Material supplied.
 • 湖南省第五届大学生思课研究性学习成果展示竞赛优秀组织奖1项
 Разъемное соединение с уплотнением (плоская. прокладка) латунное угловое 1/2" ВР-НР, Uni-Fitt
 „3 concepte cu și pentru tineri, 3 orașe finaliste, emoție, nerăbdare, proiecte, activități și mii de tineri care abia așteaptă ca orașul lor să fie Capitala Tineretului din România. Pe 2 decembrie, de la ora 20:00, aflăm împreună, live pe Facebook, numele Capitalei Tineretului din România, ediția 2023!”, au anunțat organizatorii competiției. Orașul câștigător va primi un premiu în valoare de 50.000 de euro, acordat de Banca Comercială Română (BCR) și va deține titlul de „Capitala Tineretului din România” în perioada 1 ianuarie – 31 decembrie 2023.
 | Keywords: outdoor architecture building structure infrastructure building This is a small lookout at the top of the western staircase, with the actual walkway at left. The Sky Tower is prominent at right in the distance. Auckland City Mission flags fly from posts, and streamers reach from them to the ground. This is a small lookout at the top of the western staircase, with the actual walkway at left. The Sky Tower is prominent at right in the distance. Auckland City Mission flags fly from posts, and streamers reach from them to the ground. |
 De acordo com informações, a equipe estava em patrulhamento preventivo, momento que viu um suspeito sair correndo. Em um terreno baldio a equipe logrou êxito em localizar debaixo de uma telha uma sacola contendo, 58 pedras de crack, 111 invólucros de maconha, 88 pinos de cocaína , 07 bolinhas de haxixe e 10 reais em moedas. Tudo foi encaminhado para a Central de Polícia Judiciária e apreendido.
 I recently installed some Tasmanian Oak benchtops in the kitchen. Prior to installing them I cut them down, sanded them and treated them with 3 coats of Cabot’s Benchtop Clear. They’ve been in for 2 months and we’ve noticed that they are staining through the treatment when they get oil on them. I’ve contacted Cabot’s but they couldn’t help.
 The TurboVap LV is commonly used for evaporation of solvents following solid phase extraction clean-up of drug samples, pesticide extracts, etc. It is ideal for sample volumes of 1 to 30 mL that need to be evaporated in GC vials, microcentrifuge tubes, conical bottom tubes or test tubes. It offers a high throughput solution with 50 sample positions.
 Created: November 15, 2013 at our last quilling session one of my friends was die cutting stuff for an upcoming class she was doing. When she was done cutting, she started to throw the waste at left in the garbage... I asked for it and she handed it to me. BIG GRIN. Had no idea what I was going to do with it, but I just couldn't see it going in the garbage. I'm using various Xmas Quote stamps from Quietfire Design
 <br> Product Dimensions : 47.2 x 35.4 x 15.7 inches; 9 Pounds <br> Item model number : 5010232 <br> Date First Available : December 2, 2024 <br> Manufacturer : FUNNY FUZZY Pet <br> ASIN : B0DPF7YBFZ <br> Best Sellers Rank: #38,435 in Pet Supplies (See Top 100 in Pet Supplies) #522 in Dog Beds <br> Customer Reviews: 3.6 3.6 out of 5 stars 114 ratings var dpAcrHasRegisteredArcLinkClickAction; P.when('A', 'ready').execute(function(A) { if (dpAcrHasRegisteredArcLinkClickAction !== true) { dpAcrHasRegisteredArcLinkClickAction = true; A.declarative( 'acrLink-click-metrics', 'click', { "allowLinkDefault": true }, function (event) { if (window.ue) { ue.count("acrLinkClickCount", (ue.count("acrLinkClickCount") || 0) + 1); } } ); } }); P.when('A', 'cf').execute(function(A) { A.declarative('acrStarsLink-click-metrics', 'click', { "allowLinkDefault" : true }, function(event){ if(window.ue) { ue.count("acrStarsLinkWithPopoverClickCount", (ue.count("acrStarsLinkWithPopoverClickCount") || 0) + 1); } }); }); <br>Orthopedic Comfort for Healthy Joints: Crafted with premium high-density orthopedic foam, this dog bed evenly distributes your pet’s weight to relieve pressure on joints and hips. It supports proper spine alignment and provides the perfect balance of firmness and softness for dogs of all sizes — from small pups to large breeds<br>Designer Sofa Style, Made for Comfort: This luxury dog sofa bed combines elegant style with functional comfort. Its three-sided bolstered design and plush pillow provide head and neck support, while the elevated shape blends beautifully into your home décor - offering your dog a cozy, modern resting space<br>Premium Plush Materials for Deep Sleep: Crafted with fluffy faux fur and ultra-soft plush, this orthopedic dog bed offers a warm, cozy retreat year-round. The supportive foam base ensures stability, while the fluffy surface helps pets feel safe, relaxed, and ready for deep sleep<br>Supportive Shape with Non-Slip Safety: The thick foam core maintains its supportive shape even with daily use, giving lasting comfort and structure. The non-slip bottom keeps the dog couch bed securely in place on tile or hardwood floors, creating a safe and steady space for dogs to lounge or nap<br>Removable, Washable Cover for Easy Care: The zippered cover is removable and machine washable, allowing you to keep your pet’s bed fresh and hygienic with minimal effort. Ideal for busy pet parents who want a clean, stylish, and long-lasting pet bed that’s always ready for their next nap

Assignment.
Return every line in the records that includes the string "them".

Task solution.
 | Keywords: outdoor architecture building structure infrastructure building This is a small lookout at the top of the western staircase, with the actual walkway at left. The Sky Tower is prominent at right in the distance. Auckland City Mission flags fly from posts, and streamers reach from them to the ground. This is a small lookout at the top of the western staircase, with the actual walkway at left. The Sky Tower is prominent at right in the distance. Auckland City Mission flags fly from posts, and streamers reach from them to the ground. |
 I recently installed some Tasmanian Oak benchtops in the kitchen. Prior to installing them I cut them down, sanded them and treated them with 3 coats of Cabot’s Benchtop Clear. They’ve been in for 2 months and we’ve noticed that they are staining through the treatment when they get oil on them. I’ve contacted Cabot’s but they couldn’t help.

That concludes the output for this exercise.